Blink with ATTiny45

In a world of ever increasing distractions from education, it is growing more and more difficult to provide learning opportunities to students that have a large value. In an attempt to help students see that there is more to education than memorizing facts for standardized tests, I worked to develop a project for students to complete and show them that advanced education is fun!

This project was based around the Atmel ATTiny45 microcontroller. This little chip is neat because it has 4Kbytes of memory, and 5 digital outputs (two of which are PWM).

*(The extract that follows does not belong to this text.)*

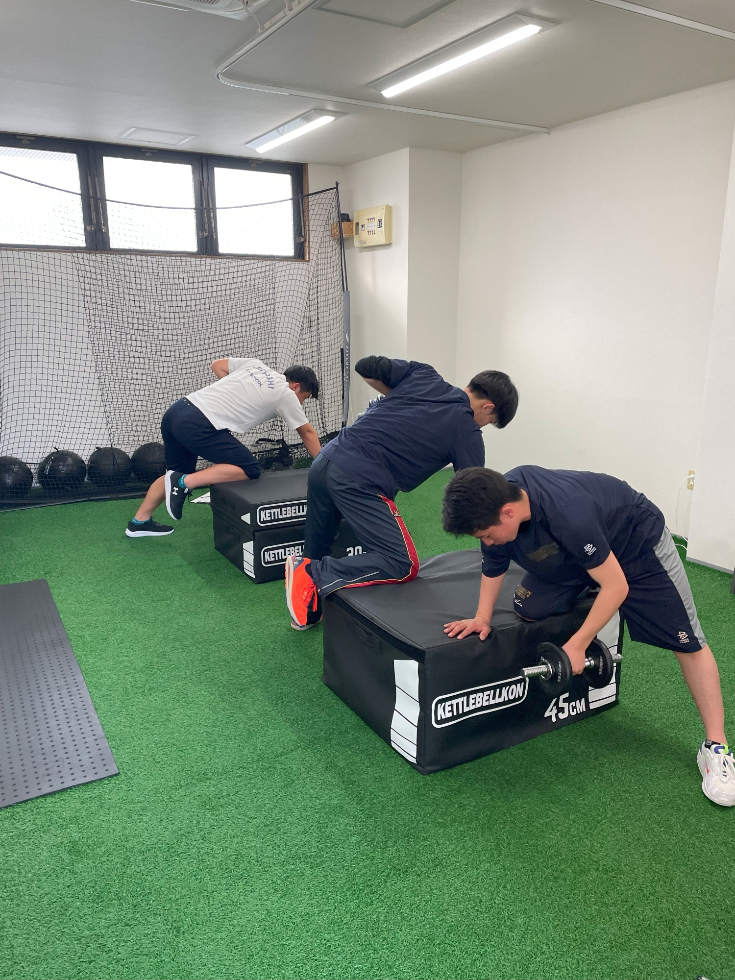 | 内容 | 柔軟性アップ、体幹筋力アップを中心に小学生年代でもっとも発達する運動神経を高めるトレーニングを行い、動ける体を作るプログラム | ケガ予防と強い体作りを中心に行い、筋肉量を上げ、スイングスピードや球速を上げるなどの目標達成を目指すプログラム | 中学3年生が高校野球の準備のためのプログラム。ウエイトトレーニングの基礎~瞬発力アップ、パワー向上を行い高校野球で活躍するための体を作ります | |

It has many more features than this, but for this simple project, only the outputs were used. It also operates at a voltage of 1.8V to 5.5V, meaning it can be powered by a coin cell battery.

To bring everything together, a PCB was created that was as simple as possible, that students will solder the ATTiny, ISP headers, 5 LEDs, 5 resistors, and a battery clip.

electronics-007

 

You can probably guess that the first part of this project is to teach students how to solder.

electronics-001

 

Once the students complete soldering, they are able to upload code to the ATTiny using a SparkFun Pocket AVR Programmer. When they get to this point they are able to choose what they want to do, set up a simple blink pattern, write code themselves to do different things with the LEDs, or take the next step and learn binary with their new widget.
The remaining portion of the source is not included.